[Collection entries]
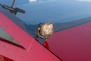 Our exclusive design includes a Cybertruck-specific module and harness with waterproof Deutsch connectors, integrating seamlessly into the factory auxiliary wire tap. Brackets are CNC-cut and precision-formed from alloy steel, using pre-existing hood hinge mounting points for a true bolt-on fit. All included hardware is stainless steel for maximum durability. Control is fully integrated—toggle the lights directly from your Cybertruck center screen. Versatility is built in: choose your pod power output, lens color, and beam pattern to match your needs—whether that’s long-range spot lighting for high-speed Baja runs or wide-spread ditch lighting to illuminate side terrain.
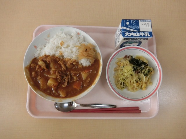 | 2026/03/18 令和7年度給食最終日です 3月18日(水)が今年度最後の給食となりました。メニューはポークカレーライス・かいそうサラダ・ふくじんづけ・牛乳でした。今日もおしいくいただきました。給食調理士をはじめ給食提供の業務に携わていただいた方々に感謝申し上げます。 |
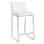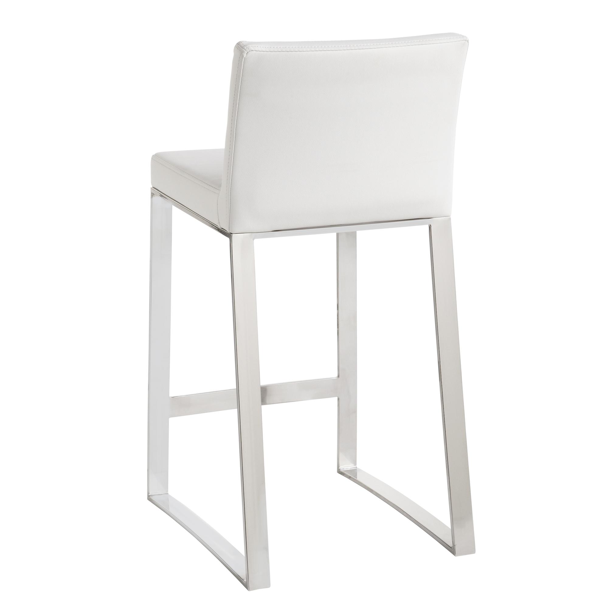Contemporary counter stool designed for urban kitchens and all types of contract environments. Features a polished stainless steel base. Stocked in white faux leather. Suitable for various dining, kitchen and bar spaces of all sizes.
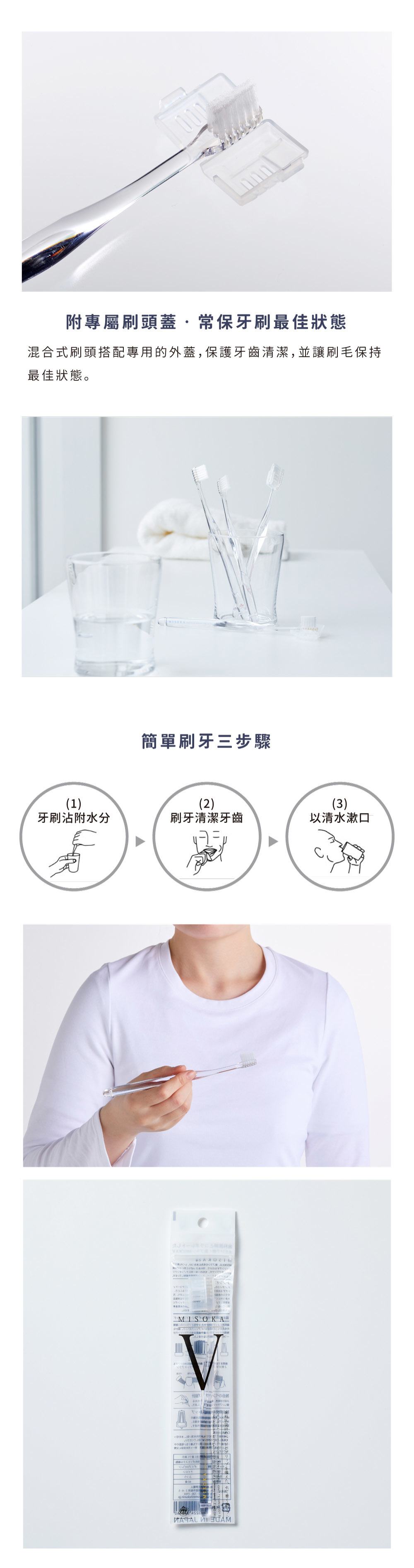 與牙醫共同開發之「V型」機能款,採複合式刷毛(前2排「V型」刷毛,後3排「平列」刷毛),兼顧牙齒表面與細部清潔。
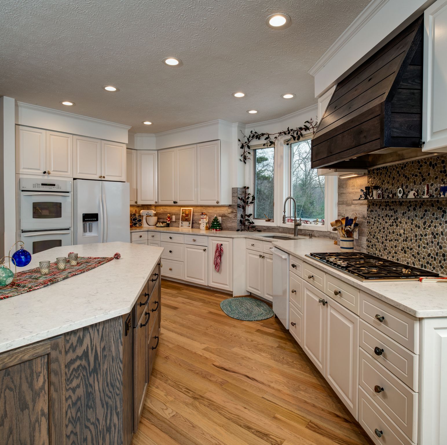 Throughout their new space, organic and earthy elements bring warmth and a one-of-a-kind look. The pebbled backsplash behind the stovetop ties in perfectly with stone drawer pulls – each one a different shape and color.
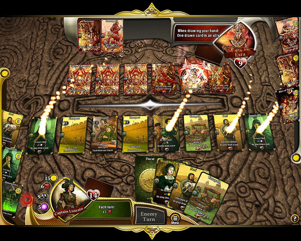WAR OF OMENS features a unique deck building mechanic that enables you to do a multitude of actions per turn. Engage in fast-paced combat with other players. Collect, win, and craft cards to assemble a powerful deck to prove your dominion over your opponents.
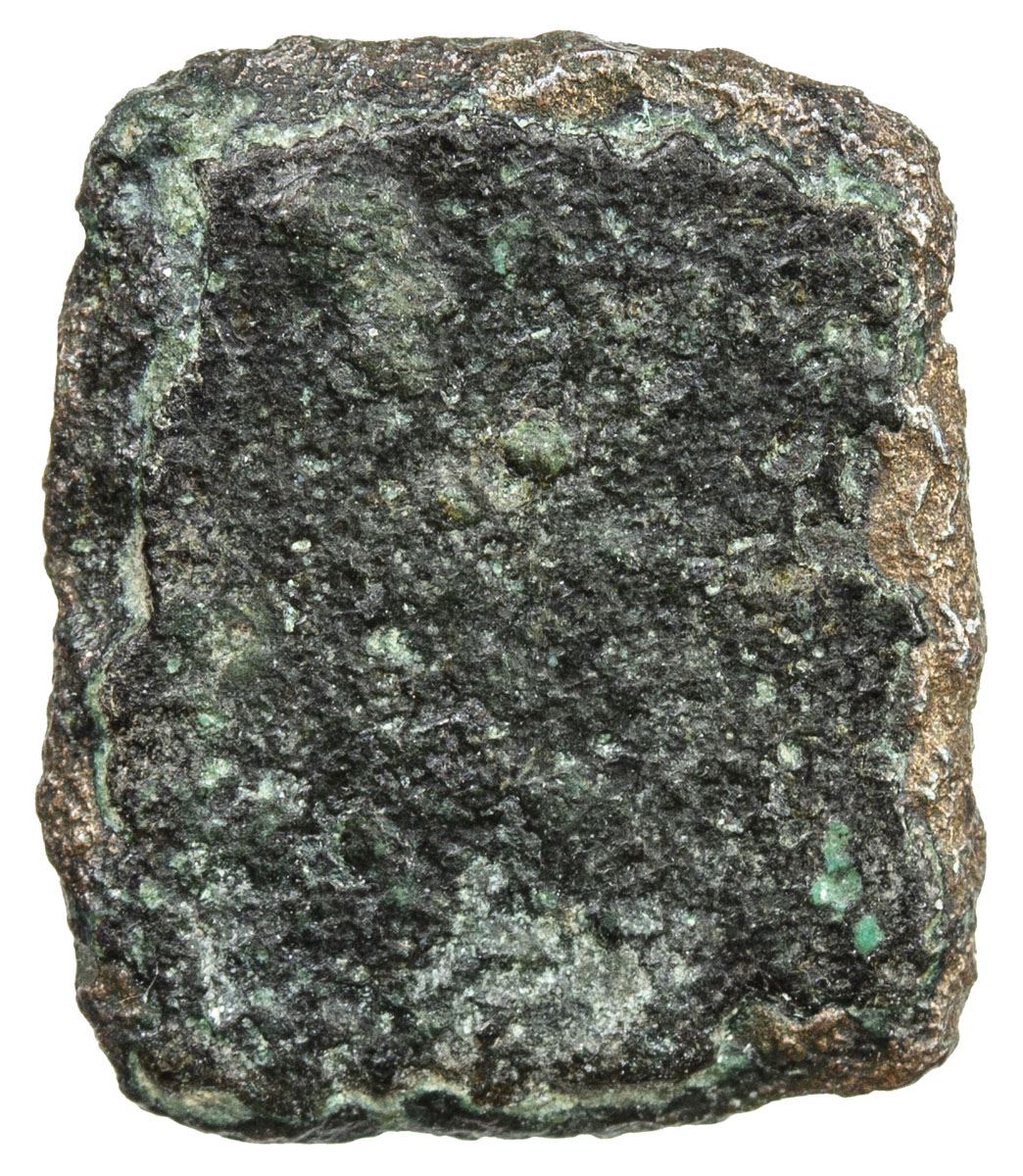RAJGIR: Anonymous, 2nd century BC, AE square (0.97g), Pieper-1046 (this piece), diagonally arranged cross within square frame, decorative border, uniface, bold VF, RR. Rajgir was capital of ancient Magadha. Its early local coins are rare and only a few have been found in the ancient ruins of the town.
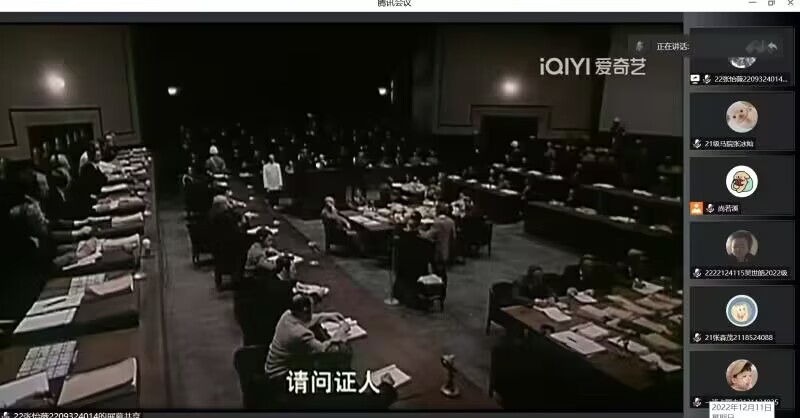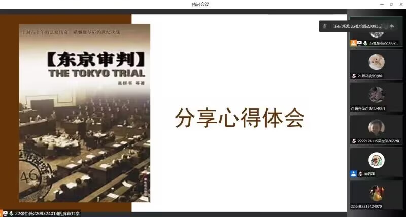 活动伊始,主持人宣读开场词,陈述此次团日活动内容及活动主题,并向大家介绍《东京审判》这部电影的历史背景。随后,主持人开始播放《东京审判》,组织同学们观影。在此过程中,社员们认真观看电影,深入了解东京审判这一事件,从而在铭记历史和缅怀先烈的思考中坚定理想,在珍爱和平和开创未来的行动中接力奋斗,在实现中国梦的生动实践中放飞青春梦想。电影观看完毕,主持人邀请同学分享此电影的观后感,其中2021级本科生马张冰灿发表感悟,看完电影之后心情久久不能平静,除了对日本战犯的冥顽不灵的愤怒之外,更多的是震撼,是对以梅汝璈为首的中国法官强烈的民族正义感和爱国热忱所深深的折服。最后,主持人对本次活动进行总结发言,指出只有人人都珍惜和平、维护和平,吸取战争的惨痛教训,和平才是有希望的。
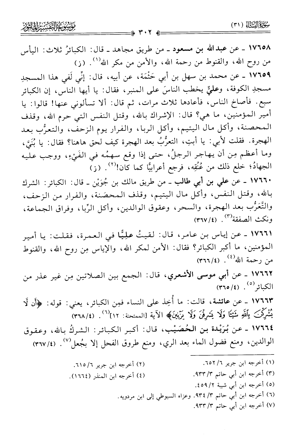 ١٧٦٦٠ - عن علي بن أبي طالب -من طريق مالك بن جُوَيْن- قال: الكبائر: الشرك بالله، وقتل النفس، وأكل مال اليتيم، وقذف المحصَنة، والفرار من الزحف، والتَّعَرُّب بعد الهجرة، والسحر، وعقوق الوالدين، وأكل الرِّبا، وفراق الجماعة، ونكث الصفقة (¬٣). (٤/ ٣٦٧)

_Exercise aim_
What is needed is an exact reprint of every entry, pictures excluded.

_Exercise output_
 Our exclusive design includes a Cybertruck-specific module and harness with waterproof Deutsch connectors, integrating seamlessly into the factory auxiliary wire tap. Brackets are CNC-cut and precision-formed from alloy steel, using pre-existing hood hinge mounting points for a true bolt-on fit. All included hardware is stainless steel for maximum durability. Control is fully integrated—toggle the lights directly from your Cybertruck center screen. Versatility is built in: choose your pod power output, lens color, and beam pattern to match your needs—whether that’s long-range spot lighting for high-speed Baja runs or wide-spread ditch lighting to illuminate side terrain.
 | 2026/03/18 令和7年度給食最終日です 3月18日(水)が今年度最後の給食となりました。メニューはポークカレーライス・かいそうサラダ・ふくじんづけ・牛乳でした。今日もおしいくいただきました。給食調理士をはじめ給食提供の業務に携わていただいた方々に感謝申し上げます。 |
Contemporary counter stool designed for urban kitchens and all types of contract environments. Features a polished stainless steel base. Stocked in white faux leather. Suitable for various dining, kitchen and bar spaces of all sizes.
 與牙醫共同開發之「V型」機能款,採複合式刷毛(前2排「V型」刷毛,後3排「平列」刷毛),兼顧牙齒表面與細部清潔。
 Throughout their new space, organic and earthy elements bring warmth and a one-of-a-kind look. The pebbled backsplash behind the stovetop ties in perfectly with stone drawer pulls – each one a different shape and color.
WAR OF OMENS features a unique deck building mechanic that enables you to do a multitude of actions per turn. Engage in fast-paced combat with other players. Collect, win, and craft cards to assemble a powerful deck to prove your dominion over your opponents.
RAJGIR: Anonymous, 2nd century BC, AE square (0.97g), Pieper-1046 (this piece), diagonally arranged cross within square frame, decorative border, uniface, bold VF, RR. Rajgir was capital of ancient Magadha. Its early local coins are rare and only a few have been found in the ancient ruins of the town.
 活动伊始,主持人宣读开场词,陈述此次团日活动内容及活动主题,并向大家介绍《东京审判》这部电影的历史背景。随后,主持人开始播放《东京审判》,组织同学们观影。在此过程中,社员们认真观看电影,深入了解东京审判这一事件,从而在铭记历史和缅怀先烈的思考中坚定理想,在珍爱和平和开创未来的行动中接力奋斗,在实现中国梦的生动实践中放飞青春梦想。电影观看完毕,主持人邀请同学分享此电影的观后感,其中2021级本科生马张冰灿发表感悟,看完电影之后心情久久不能平静,除了对日本战犯的冥顽不灵的愤怒之外,更多的是震撼,是对以梅汝璈为首的中国法官强烈的民族正义感和爱国热忱所深深的折服。最后,主持人对本次活动进行总结发言,指出只有人人都珍惜和平、维护和平,吸取战争的惨痛教训,和平才是有希望的。
 ١٧٦٦٠ - عن علي بن أبي طالب -من طريق مالك بن جُوَيْن- قال: الكبائر: الشرك بالله، وقتل النفس، وأكل مال اليتيم، وقذف المحصَنة، والفرار من الزحف، والتَّعَرُّب بعد الهجرة، والسحر، وعقوق الوالدين، وأكل الرِّبا، وفراق الجماعة، ونكث الصفقة (¬٣). (٤/ ٣٦٧)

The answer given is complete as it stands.